Posts tagged Review
Review: Before They Were Titans: Essays on the Early Works of Dostoevsky and Tolstoy

Before They Were Titans: Essays on the Early Works of Dostoevsky and Tolstoy edited with an introduction by Elizabeth Cheresh Allen was reviewed in Slavic and East European Journal vol 60.2 (Summer 2016)

The collective format works well for Before They Were Titans, allowing for the inclusion of disparate critical voices and approaches. The essays’ diversity in this regard is a strength of the volume and the resulting collection is a pleasure to read ... Thoughtfully selected, arranged and composed, these fresh readings of texrs showcase the vibrant experimentation and impressive literary scope of the young Dostoevsky and Tolstoy on their own terms. This early period of each writer’s oeuvre is often critically neglected, and Before They Were Titans comes as a welcome entry in both Dostoevsky and Tolstoy scholarship.
— Katherine Bowers, University of British Columbia, Slavic and East European Journal vol 60.2 (Summer 2016)
Review: Answering a Question with a Question (Vol II)

Answering a Question with a Question: Contemporary Psychoanalysis and Jewish Thought (Vol. II) A Tradition of Inquiry edited by Lewis Aron & Libby Henik was reviewed in AJL Reviews, Volume VI. No. 1 (February/March 2016). Reviewer Daniel D. Stuhlman writes:

Answering a Question with a Question is for those who want to understand the covered topics from a psychoanalytic perspective. It is recommended for academic collections and other collections with readers interested in the confluence of Jewish sources and psychology.”

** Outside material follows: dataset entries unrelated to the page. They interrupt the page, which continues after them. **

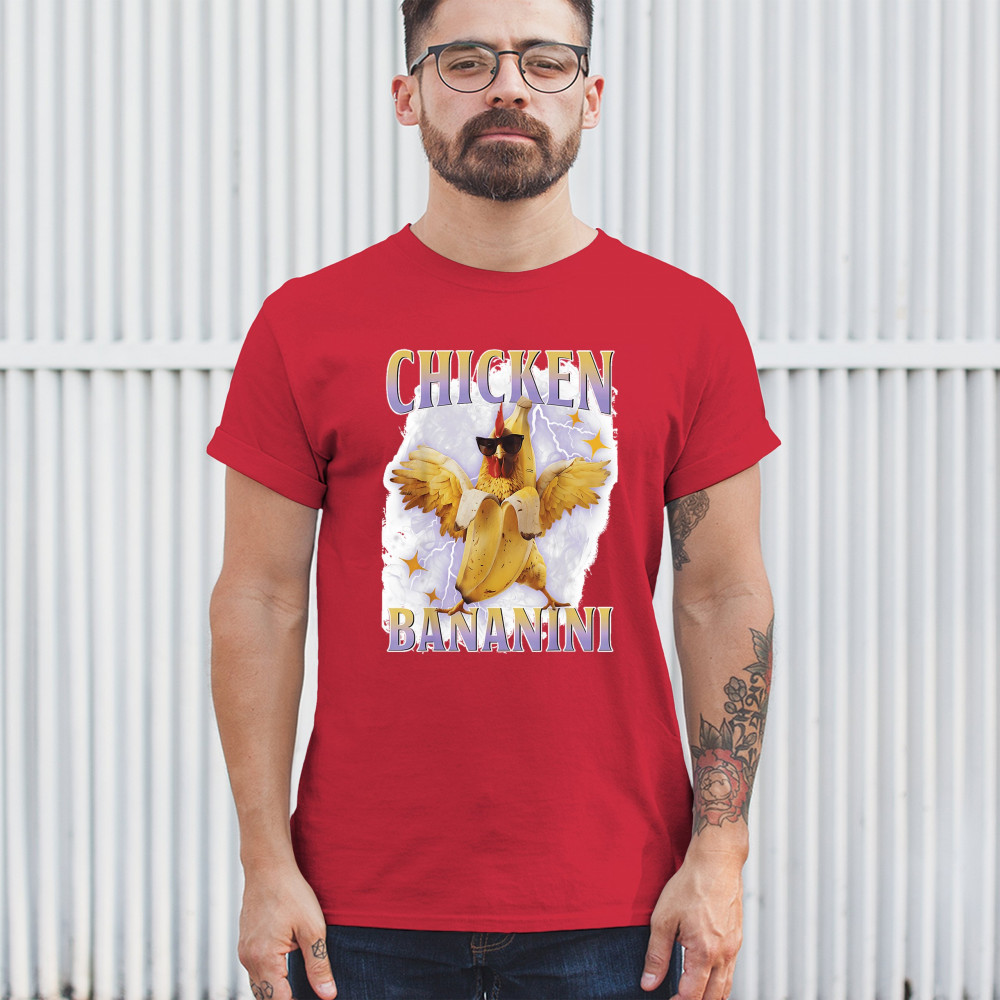 Chicken Bananini is meme absurdity with extra peel. Featuring a chicken emerging from a banana and rocking shades, this design blends cursed-core fashion, viral animal humor, Gen Z brainrot, and TikTok-style chaos. A must-have for fans of ironic mashups, surreal creatures, and internet-fueled nonsense.
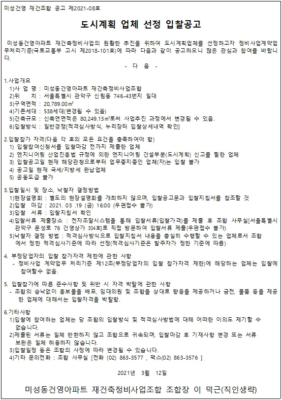 - 유의사항 : 용적률 249.98% 이하로 제시됐으며, 조합 구성·사업시행 인가 상태 등의 확인이 필요.
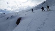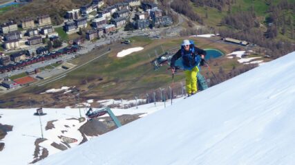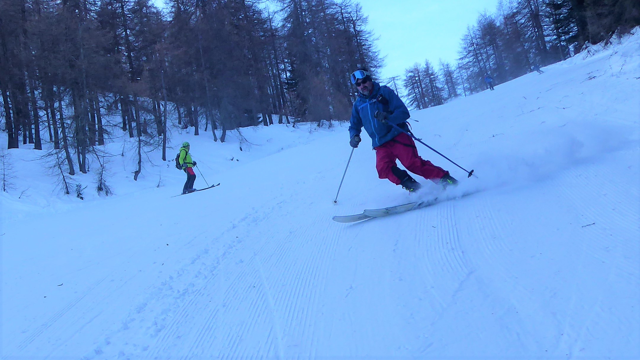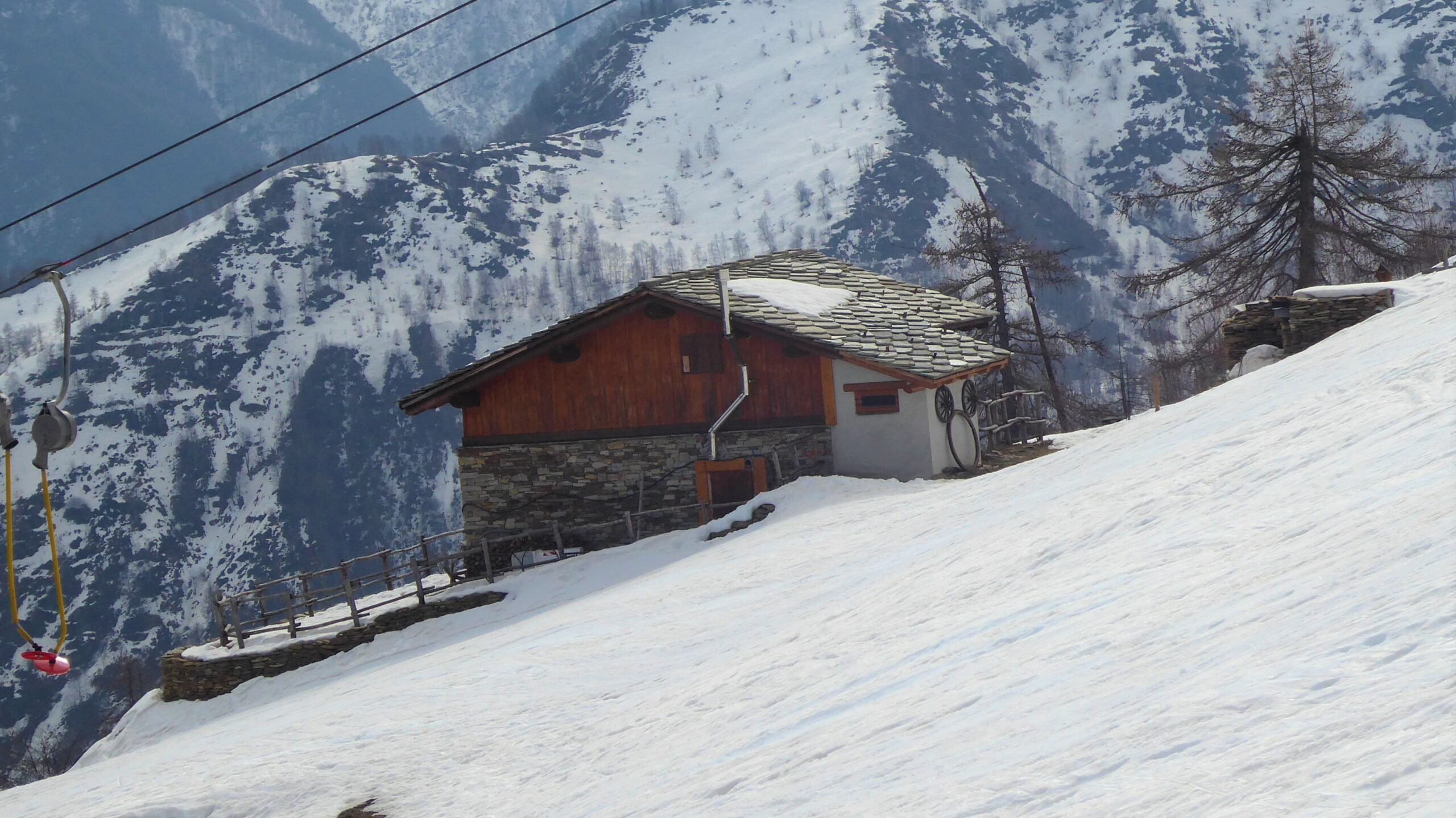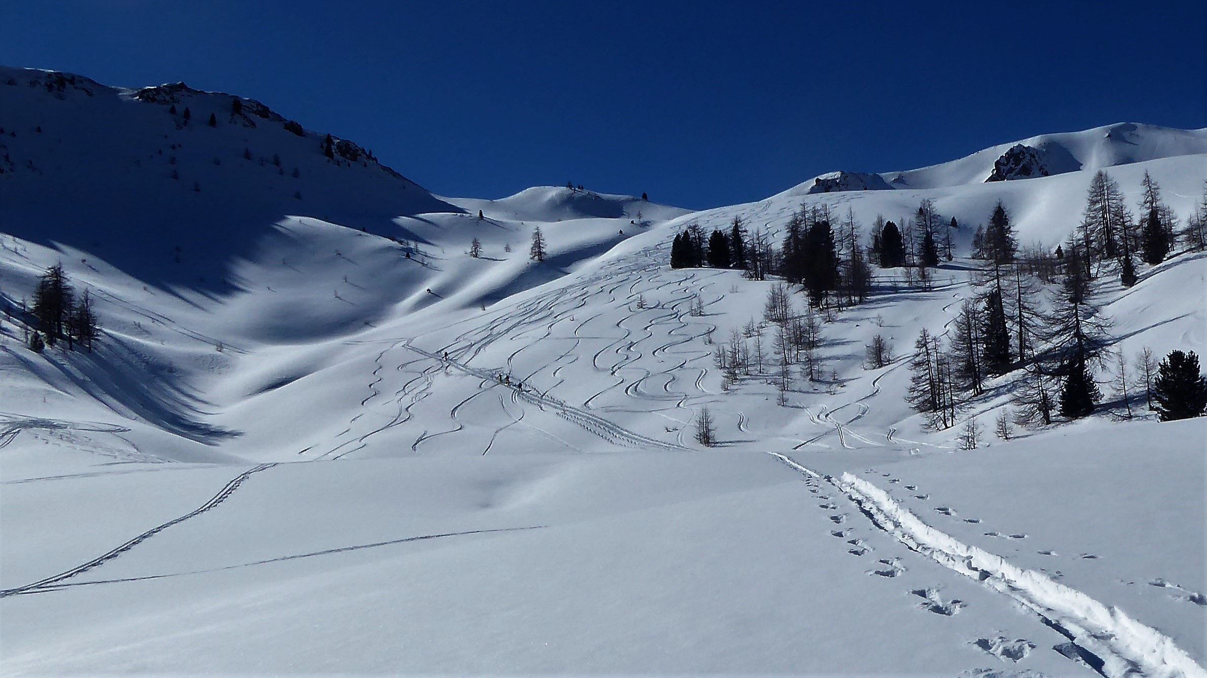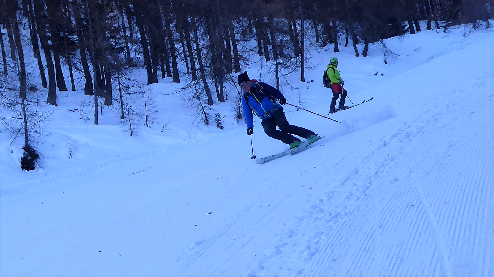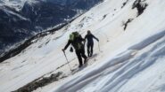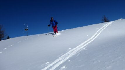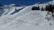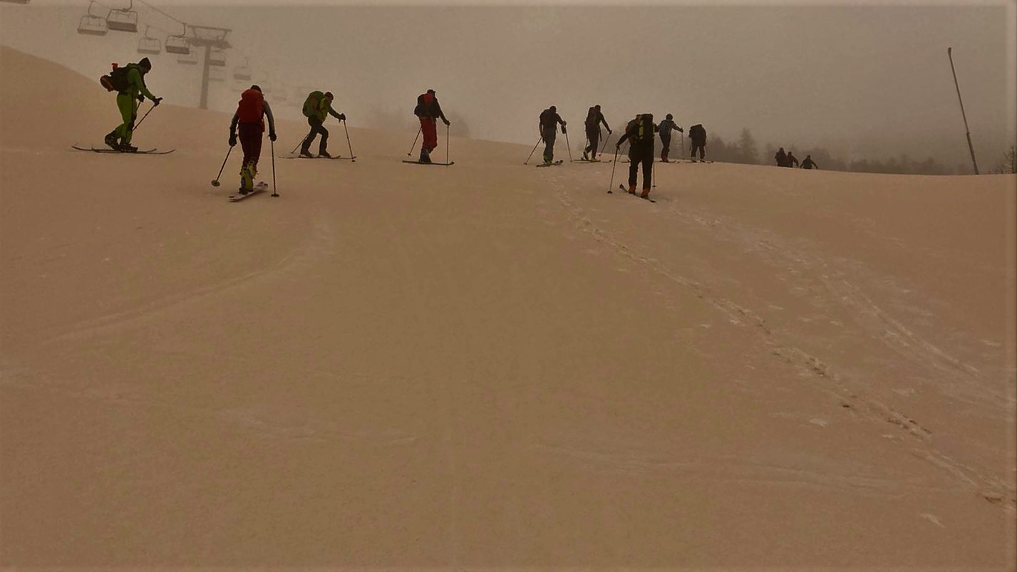 Saliti dalla pista di Melezet quella chiusa agli allenamenti a destra e usato i rampant sui ripidi pendii, arrivati a quota del ristorante ci siamo…
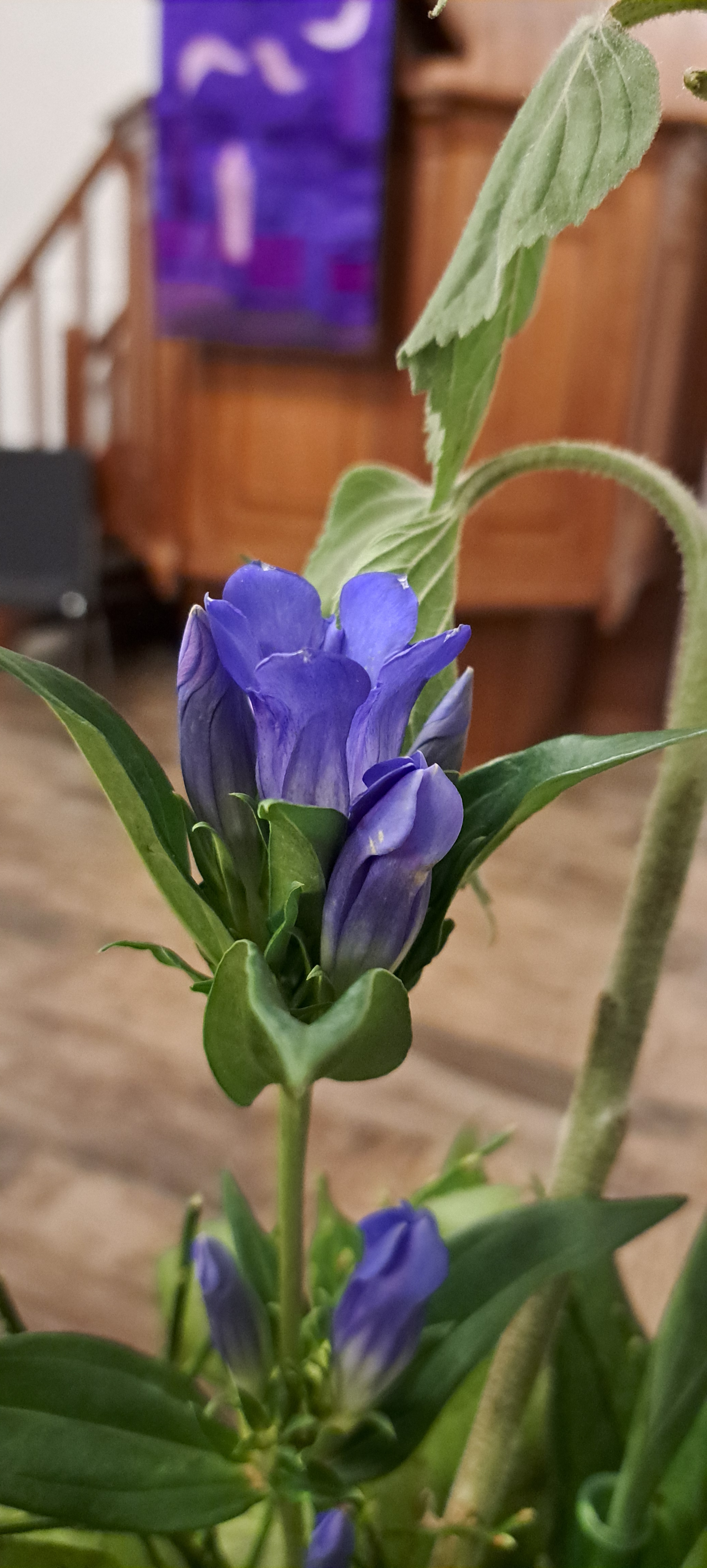 Vandaag vieren het Pinksterfeest. We zijn heel blij dat we vandaag weer met een aantal gemeenteleden deze dienst mogen beleven. Daarom hebben we ook een schikking gemaakt naast het kruis in het voorportaal. De kleuren van de bloemen die we daar hebben verwerkt komen overeen met de bloemen van de schikking.
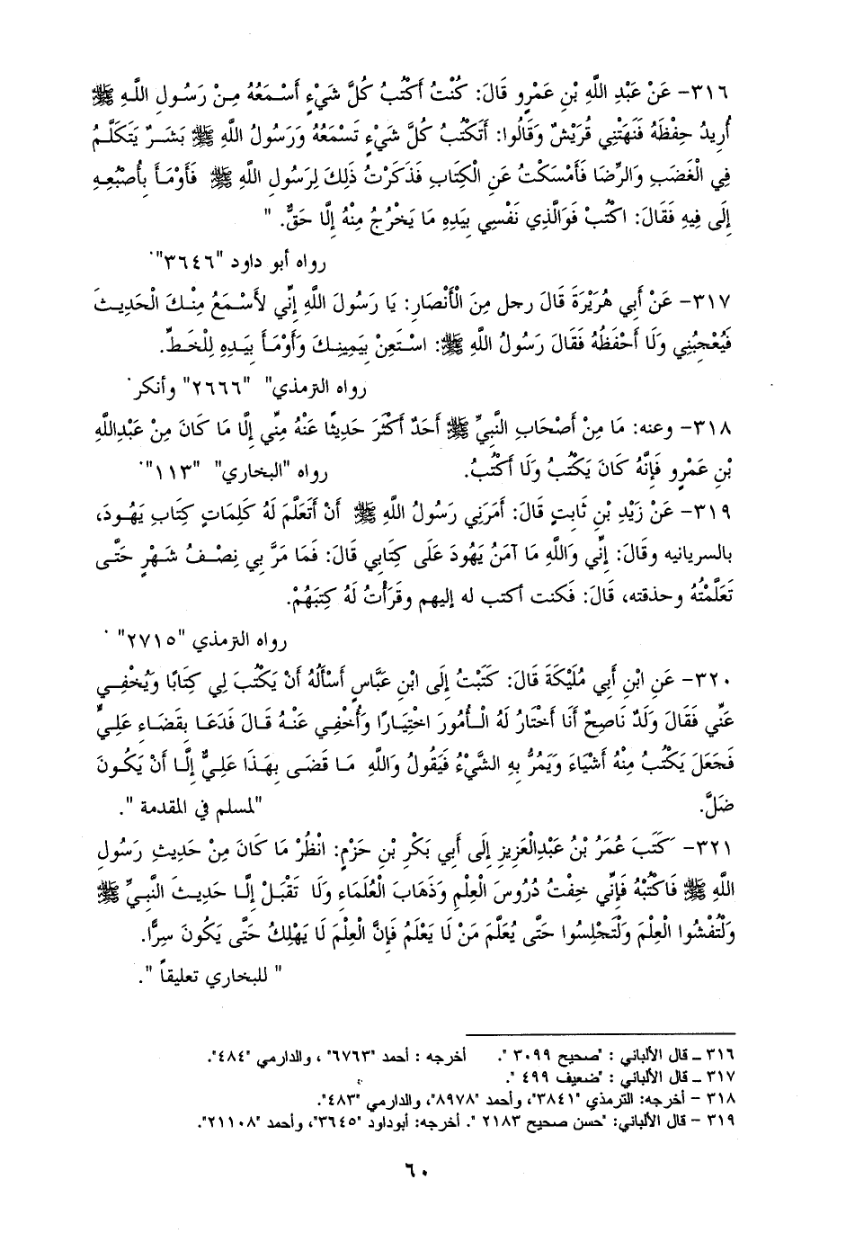 316 - ابْنُ عَمْرٍو بن العاص: كُنْتُ أَكْتُبُ كُلَّ شَيْءٍ سْمَعته مِنْ رَسُولِ الله - صلى الله عليه وسلم -، فَنَهَتْنِي قُرَيْشٌ وَقَالُوا: تَكْتُبُ كُلَّ شَيْءٍ وَرَسُولُ الله - صلى الله عليه وسلم - بَشَرٌ يَتَكَلَّمُ فِي الْغَضَبِ وَالرِّضَا، فَأَمْسَكْتُ عَنِ الْكِتَابة حتى ذَكَرْتُ ذَلِكَ لِرَسُولِ الله - صلى الله عليه وسلم -، فَأَوْمَأَ بِأُصْبُعِهِ إِلَى فِيهِ، فَقَالَ: ((اكْتُبْ فَوَالَّذِي نَفْسِي بِيَدِهِ مَا يَخْرُجُ مِنْهُ إِلَّا حَقًا)). لأبي داود (¬1).
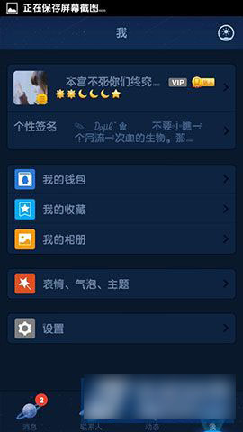 2)在“我”中,我们可以在右上角看到一个图标,点击一下,系统就会自动的切换到夜间模式了。这对于晚上躺在床上玩手机QQ的朋友可是一大福利哟!(如下图所示)
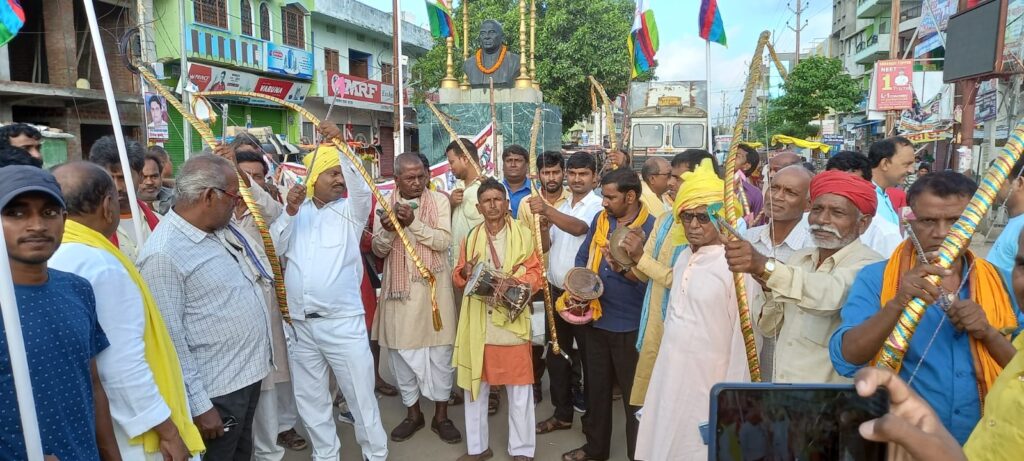 या प्रभात फेरी पटेल चौक से शुरू होकर भभुआ शहर का भ्रमण करते हुए शहीद स्तंभ तक आकर समाप्त हुआ जिसमें गोंड आदिवासी समाज के रीति रिवाज के तहत नाच गान करते हुए प्रभात फेरी किया गया।
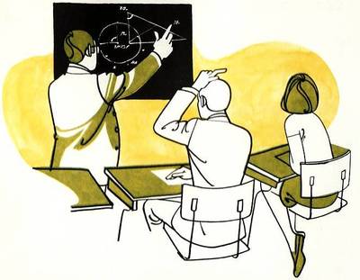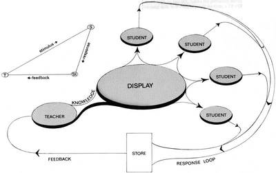 The teacher discuss the subject, conduct an experiment, explains a mathematical problem, etc. He then poses a question and visually presents up to four possible answers. Every student responds to this questions by depressing one of four "answer" buttons.
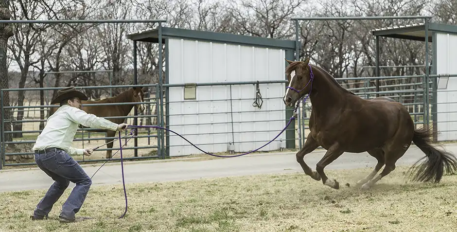 It doesn’t matter how you move the horse’s feet, just that you do as many changes of direction as you possibly can. A great exercise to practice is Lunging for Respect Stage Two, where you’ll ask the horse to trot energetically in a circle around you and then yield his hindquarters and roll back into the opposite direction he was going.
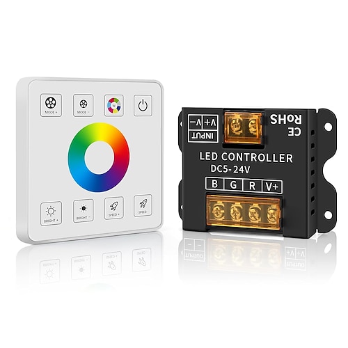 Dimmer per strisce luminose a LED, telecomando wireless RF 2.4G, dimmer da parete dimmerabile, adatto per strisce LED RGB RGBW RGBCCT monocolore, controller dimmer a canale singolo DC5V-24V 10-50A
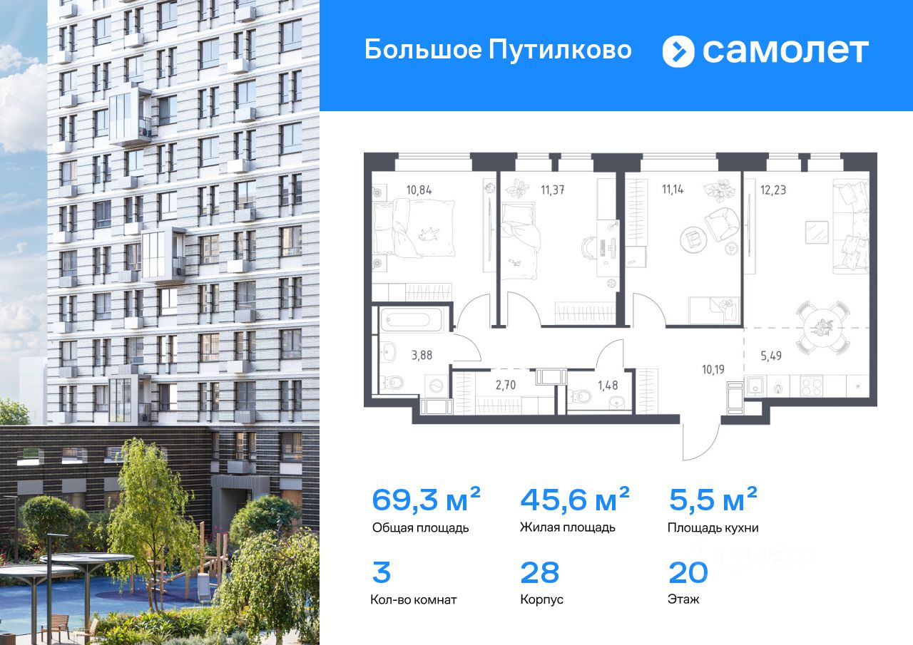 Строим кварталы для жизни с заботой о будущем. Предлагается 3-комнатная квартира комфорт-класса 69,32 кв.м в корпусе 28 на 20 этаже, в ЖК ''Большое Путилково'' Квартира с чистовой отделкой. Доступность дополнительных опций уточняйте у застройщика.
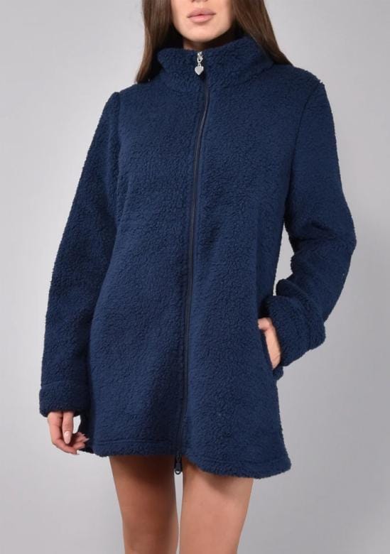 Tento dámský župan Siélei v elegantní tmavě modré barvě je ideální volbou pro příjemné domácí pohodlí. Je vyrobený z měkkého a hřejivého „teddy“ materiálu, který připomíná jemný beránek a spolehlivě zahřeje i v chladnějších dnech. Župan má moderní střih se zapínáním na zip po celé délce a praktické postranní kapsy. Vysoký stojáček chrání před chladem a dodává celému modelu stylový vzhled. Díky delší délce skvěle obepíná postavu a poskytuje maximální komfort. Perfektní volba pro ty, kdo mají rádi hebké, m…

Review: Teaching Nineteenth-Century Russian Literature

Teaching Nineteenth-Century Russian Literature: Essays in Honor of Robert L. Belknap edited by Deborah Martinsen, Cathy Popkin & Irina Reyfman was reviewed by Elizabeth Blake (Saint Louis University) in the Slavic and East European Journal, 59.3 (Fall 2015). Blake writes:

“This impressive volume on nineteenth-century literature with its twenty-two essays (on such classical Russian writers as Alexander Pushkin, Mikhail Lermontov, Nikolai Gogol, Ivan Turgenev, Fyodor Dostoevsky, Lev Tolstoy, and Anton Chekhov) authored by experienced scholars who regularly teach the great books attests to the notable influence of the late Robert L. Belknap (Columbia University) on the field of Russian Studies in the United States.”

Review: Mysticism in Twentieth Century Hebrew Literature

Mysticism in Twentieth-Century Hebrew Literature by Hamutal Bar-Yosef was reviewed by Galili Shahar (Tel Aviv University) in Studies in Contemporary Jewry, vol. 29. Shahar writes:

“Grounded in excellent scholarship, Mysticism in Twentieth Century Hebrew Literature is a wide-ranging and comprehensive work. Bar-Yosef is very familiar with the Hebrew literary field and draws rich portraits of 20th-century poetic circles. . . . [T]his work is a gift to the field of Jewish and Hebrew literary studies, offering as well a fruitful perspective for the study of Israeli culture through and beyond secularism.”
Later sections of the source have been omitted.